David Boyll, who plays Dr. Baer, the play's titular quack, says the whole experience of rehearsing and performing apart from his cast mates and acting in a nebulous physical space brought to mind Orson Welles' famous edict that, "The enemy of art is the absence of limitations."

"I'm surprised at how quickly this process has gotten into my bones," says Boyll in regard to the cast's three-week rehearsal process and multi-show run in counterpoint to a brief prior experience doing improv comedy via Zoom, which he remember being "like acting while wearing a 19th-century diving outfit, with a massive helmet and a thick glass porthole to communicate through."

He points out some inherently provocative aspects of Shotgun's unique take on Quack.

"There are comedic elements in this play, but we can't rely on audience laughter to adjust our timing and navigate the rhythm of things. On the other hand, it makes you consider what the job of the audience is in live theater. Is it to give the performers feedback, or is it to listen and pay close attention?

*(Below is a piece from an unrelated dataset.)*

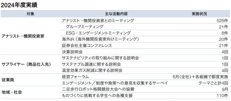 機関投資家との長期的なパートナーシップ構築を目指し、積極的に対話を行っています。経営幹部や担当部門が直接、株主・投資家との意見交換にあたり、2024年度は526件の対話を実施しました。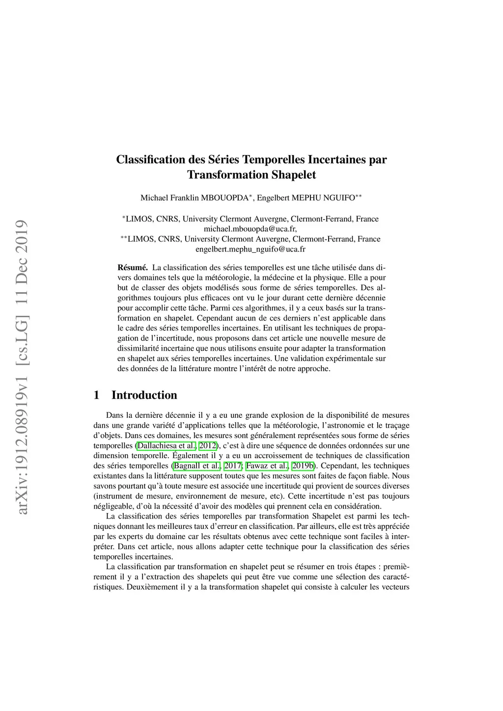 Classification des S{é}ries Temporelles Incertaines par Transformation

"The way this production works, the audience needs to decide whether something is a joke or not a joke; they feel empowered to react in a way that's most resonant to them. There's a lot of serious subject matter here and I think that sometimes in a theater full of people there's social pressure to laugh at things that might not feel so funny to you. Like a television comedy without a laugh track, there's more for the audience to make their own decisions on."

Quack: Shotgun Players online via Zoom
Live through August 15; pre-recorded August 19-26.